Aiming at the problems of data scarcity and insufficient temporal feature extraction in the process of air target intention recognition, an air target intention recognition model based on deep learning (IDERDL) is proposed. First, the air target intention recognition problem is analyzed in detail, the air target intention space and intention feature set are constructed and coded uniformly, and the decision maker’s empirical knowledge is encapsulated into intention labels. Second, the intention data generation model is constructed based on the denoising diffusion model, where Gaussian noise is added to the intention data in the forward process and denoised in the reverse process to generate the air target intention data. The improved knowledge distillation method is applied to the denoising diffusion model to accelerate the sampling process of the model. Finally, the temporal module based on dilated causal convolution is constructed to solve the problem of temporal feature extraction of intention data; meanwhile, the graph attention mechanism is introduced to mine and analyze the relationship between different intention features. By combining the two, the feature extraction capability of the model is greatly improved.

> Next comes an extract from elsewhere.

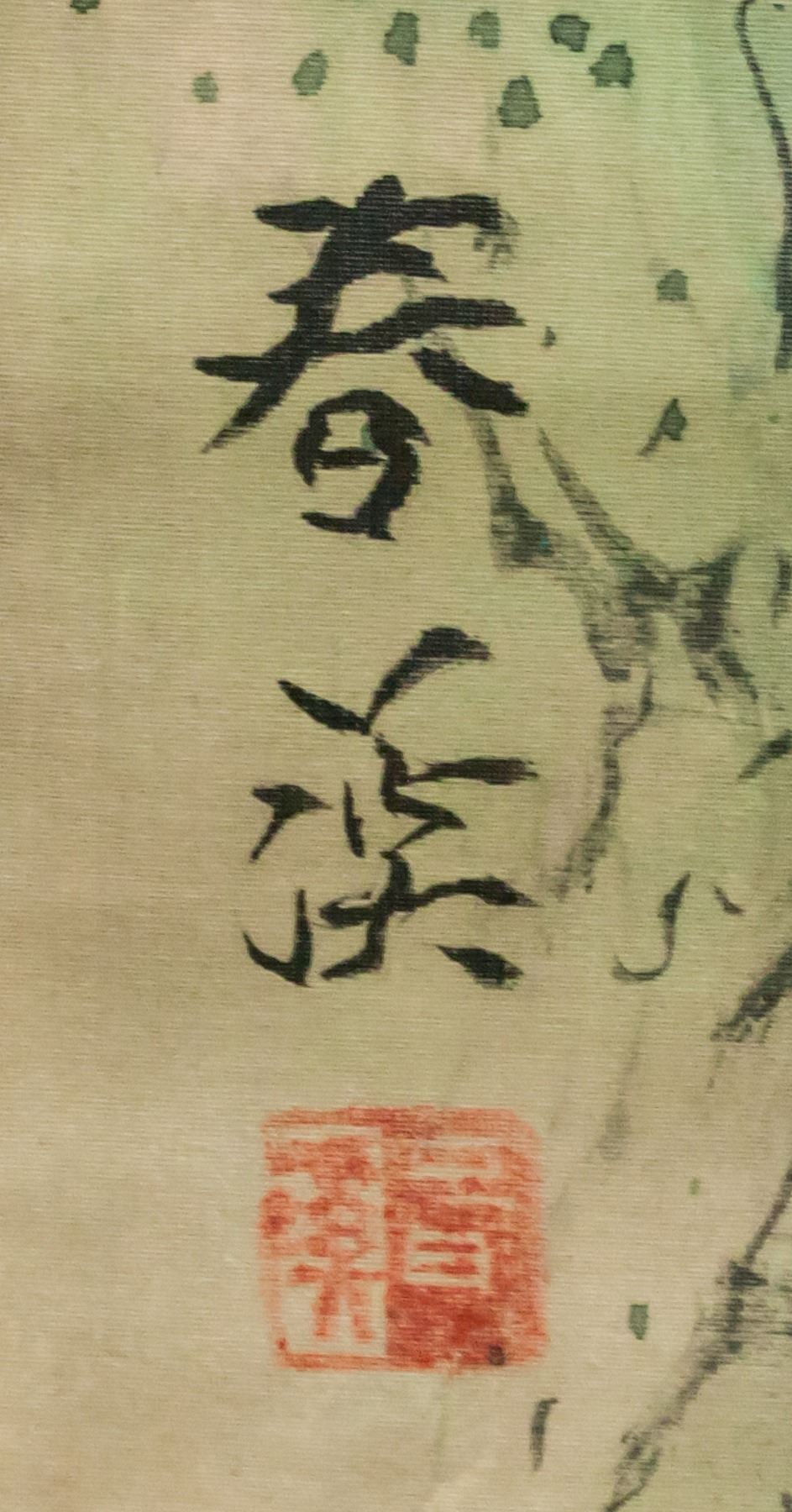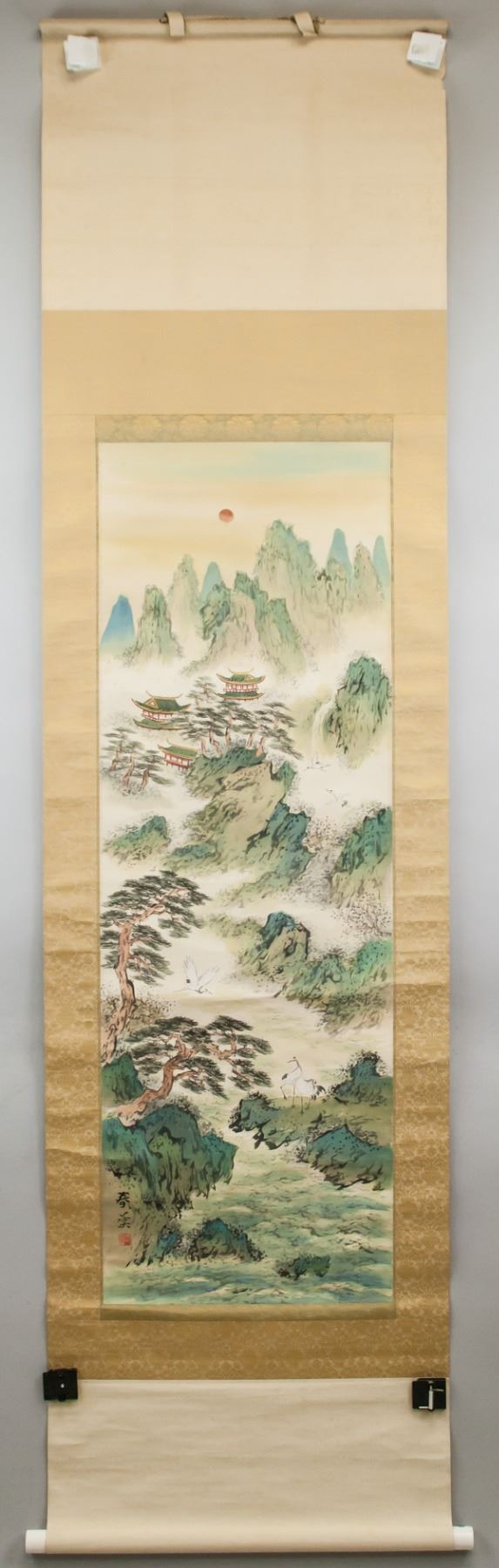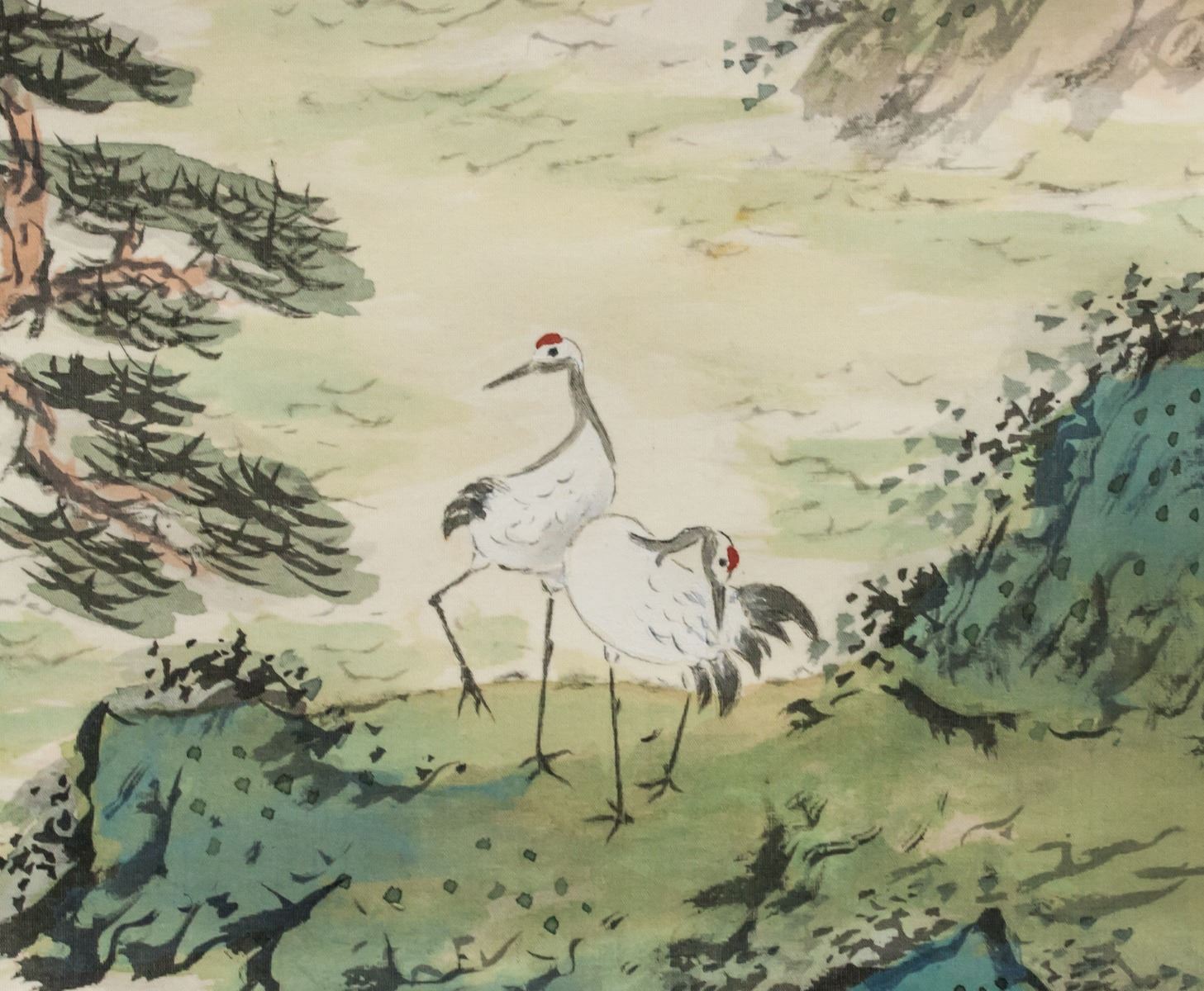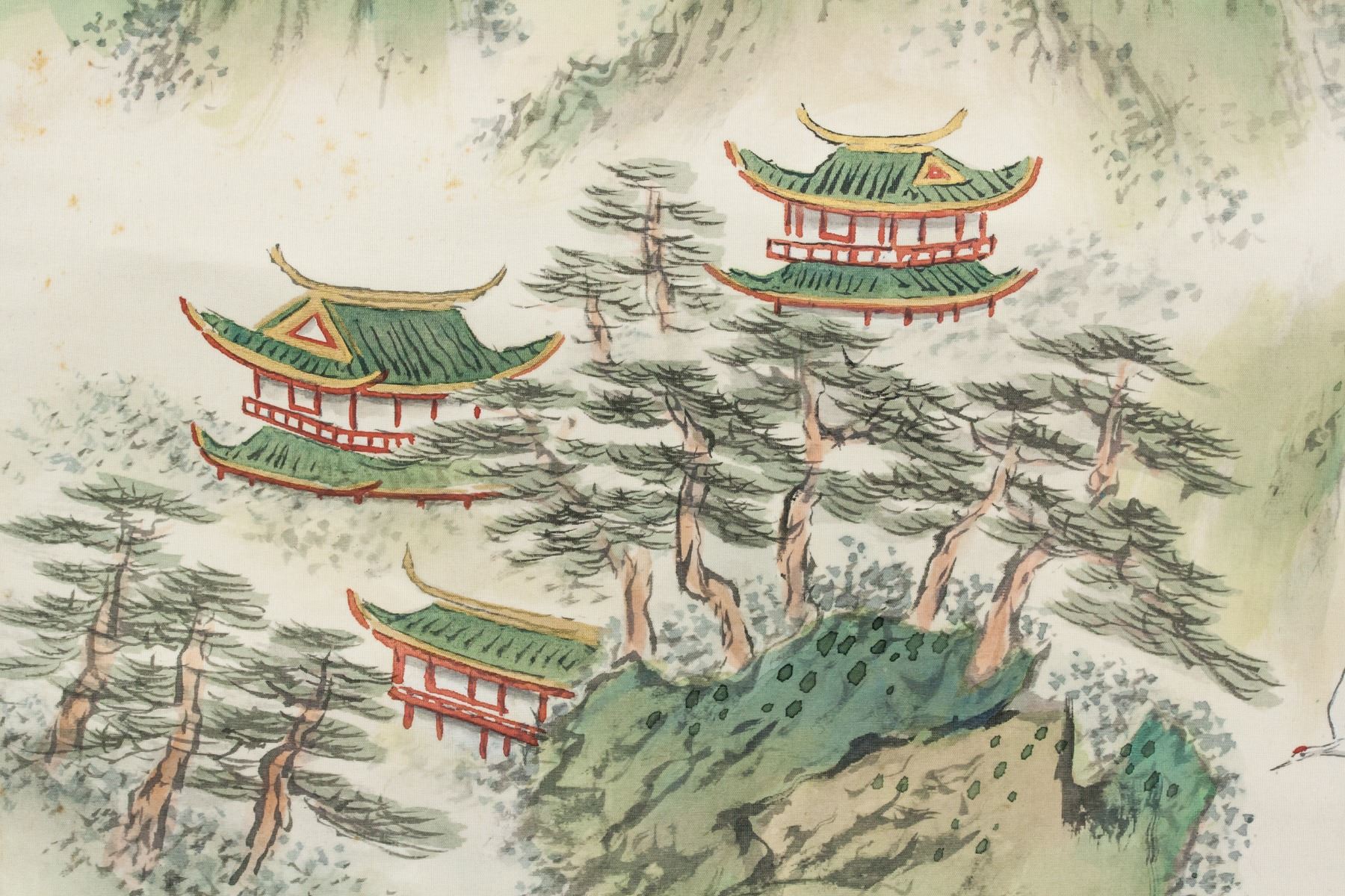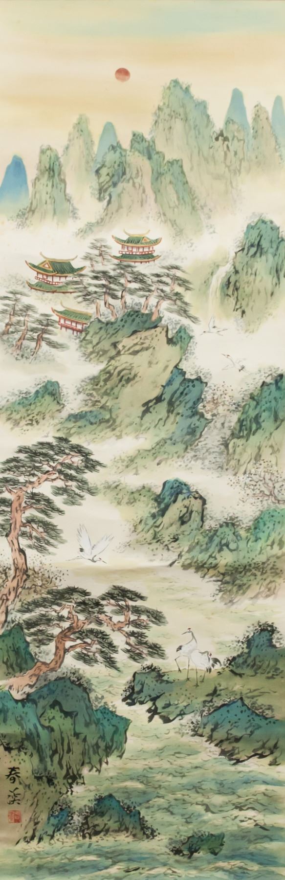 Ink and watercolor on silk, hanging scroll. Featuring mountainous landscape, pavilions and cranes. Signed Chunxi, inscribed with 1 artist seal.

The visualized intention data indicate that the model generates high-quality samples. Comparison experiments with other state-of-the-art intention recognition methods show that IDERDL has higher intention recognition accuracy and performance. Ablation experiments also validate the effectiveness of the model.

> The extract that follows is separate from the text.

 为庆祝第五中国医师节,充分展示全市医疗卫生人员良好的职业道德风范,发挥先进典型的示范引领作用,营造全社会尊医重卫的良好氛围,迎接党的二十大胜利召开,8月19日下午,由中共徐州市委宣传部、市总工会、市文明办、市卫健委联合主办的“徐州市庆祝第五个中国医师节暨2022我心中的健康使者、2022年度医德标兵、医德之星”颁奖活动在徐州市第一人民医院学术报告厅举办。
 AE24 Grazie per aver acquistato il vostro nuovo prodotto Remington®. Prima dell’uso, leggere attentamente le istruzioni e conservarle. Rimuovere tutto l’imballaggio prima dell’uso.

Our proposed intention recognition model can both compensate for the lack of intention data and effectively improve temporal feature extraction. However, there are still some limitations. First, deep learning-based intention recognition methods are more dependent on intention labels labeled by experts during the training process, while intent ambiguity may exist in real battlefield environments, affecting model training. Second, although we introduce knowledge distillation methods to improve the sampling efficiency of diffusion models, they are still limited by the number of teacher models. The following five areas will be focused on in the upcoming research.

  1. (1)

    To address the limitations of IDERDL, semi-supervised learning methods are introduced into the intention recognition task to fully utilize unlabeled data, while exploring lightweight diffusion model architectures to reduce the computational cost.

  2. (2)

    Although the existing intention recognition model has achieved a high recognition accuracy rate, the cost of war brought about by intention misjudgment in actual combat cannot be borne by both warring parties, and the performance and interpretability of the model still need to be improved.

  3. (3)

    Existing intentions are labeled by experts based on empirical knowledge, while in actual combat, there is a large similarity between intentions, and it is difficult to achieve a strict distinction between different intentions.

  4. (4)

    The battlefield data collected in actual combat is less, the existing model is more dependent on the support of data, and how to obtain more high-quality intention data is also a future research direction.

  5. (5)

    Analyzed from the perspective of the OODA ring, if the combat intention of the enemy target can be predicted in advance, it can lay the foundation for accelerating the closure of the OODA ring, and then it can be a prerequisite for the victory of the war.